The same procedure was repeated for wear at room temperature (23°C). The coefficient of friction was calculated and plotted as shown in Fig. 2b, d, f, h, and j. With the exception of the test with an applied load of 1 N (Fig. 2b), there was a common trend among the room temperature wear tests: the friction coefficient and the force of friction would rise quickly as the test began, reaching a point where it leveled out. Unlike the tests at high temperature, there was no shift of significant change in the friction coefficient to indicate that delamination had occurred. Instead, the occasional variances in the COF plots can be attributed to surface wear at the interface with the indenter. Visual inspection of the wear tracks confirmed light wear at room temperature and more severe wear at high temperature.

Table I lists the recorded values of friction force and coefficient of friction taken at the start and end of testing. The initial values represent both the friction of the top coat and the impact of stiction, the necessary force required to overcome static friction and allow motion.11 During the high-temperature testing, the initial frictional force increased with the applied normal load as expected, but this trend did not fit other parameters. The initial coefficient of friction was higher at the lower normal loads, but this may be another indication that, with the higher applied load, delamination occurred quickly, almost instantly, and produced a different coefficient of friction.

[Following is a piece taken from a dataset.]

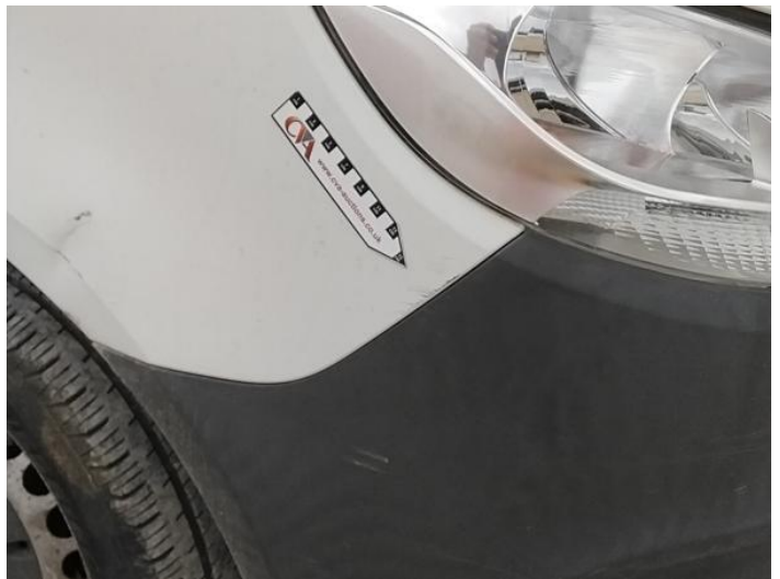
2: Wing osf Scratched Over 25mm Thru Paint

Table I Initial and final friction and coefficient of friction values, wear depth (calculated based on the change in the measured height of the indenter), and wear rate (calculated by wear depth, dimension of the indenter, and time)

In the high-temperature tests, one may have expected that the final coefficient of friction values may be equal if the indenter penetrated into the same layer for each test. In fact, the indenter depth indicates that, in all tests, the indenter never penetrated beyond the top coat, so it may seem reasonable to assume that the final coefficient is the coefficient of friction of 8YSZ. However, as shown in Table I, there is a significant variance between the final coefficient of friction values. This variance is likely due to the delamination of the top coat and debris that is carried along the wear track.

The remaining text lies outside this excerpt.